La edad de los salvajes es un hito, un baladro estrepitoso que voltea nuestros discernimientos hacia la poesía real, una voz refrescante, concisa y madura frente a los poetas del inodoro, a los de los mausoleos, a los de las bibliotecas, una poeta que sale a la calle a vivir, a correr riesgos, que no se queda en el letargo de las horas frente al monitor, frente a escarpados escritorios de porquería y aburrimiento, es una poeta andante, como los perros, aquellos, los románticos, los que olfatean el peligro, el derrumbe, el quiebre, la coyuntura del miedo, de la embriaguez, las drogas y el sexo, justo ahí donde se genera la bucólica y se vuelve a restablecer, en la vulva, Alma Mater, en la palabra de los labios rosáceos que piden dedeo y exaltación.
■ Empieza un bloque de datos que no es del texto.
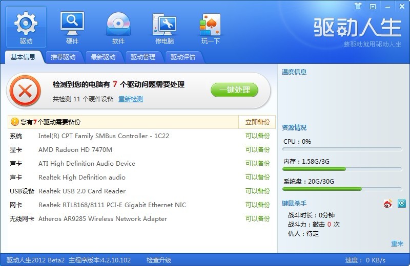 驅動人生2012版V4.3.11.107(帶網卡驅動)純凈版|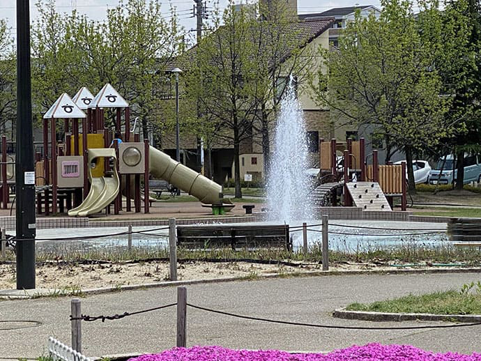 4月には芝桜、5月にはバラが見頃になるほか、予約の要らないデイキャンプ場や広い芝生、噴水での水遊びもできます。

La poesía de Bringas es “una nota de jazz que no se escucha / un suburbio”, una cólera blanda a punto de emerger de las profundidades del organismo, dedos que buscan la llaga de la lubricidad, “una oración por las nalgas / por la memoria de los cuerpos”, un devenir garboso, un pene laxo, auscultante, hermosas cabelleras negras sobre jovenes espaldas blancas tatuadas, una oración “por las cáscaras de piel con las que tropezamos / por la migraña”, un licor fuertísimo que te hará rejuvenecer como cien botellas de cerveza alineadas en una mesa, para “digerir versos como manjares” y ansiolíticos como delicadezas, a manera de gang bang, de banda disparadora, aquella orgía en la que el poema mantiene relaciones sexuales con tres o más lectores, por turnos o al mismo tiempo y en el que todos están invitados, un harén moderno de mocedad, cotidianidad e injuria “ahí donde el pueblo suda nostalgia un martes por la tarde”, donde la melancolía acelera el paso de la feromona, donde la exaltación no puede más, donde el alcohol se incrementa y las ganas se vuelven esperanza, donde la lujuria está lista para estallar, donde la edad de los salvajes se hace presente justo ahí… ¡explotemos!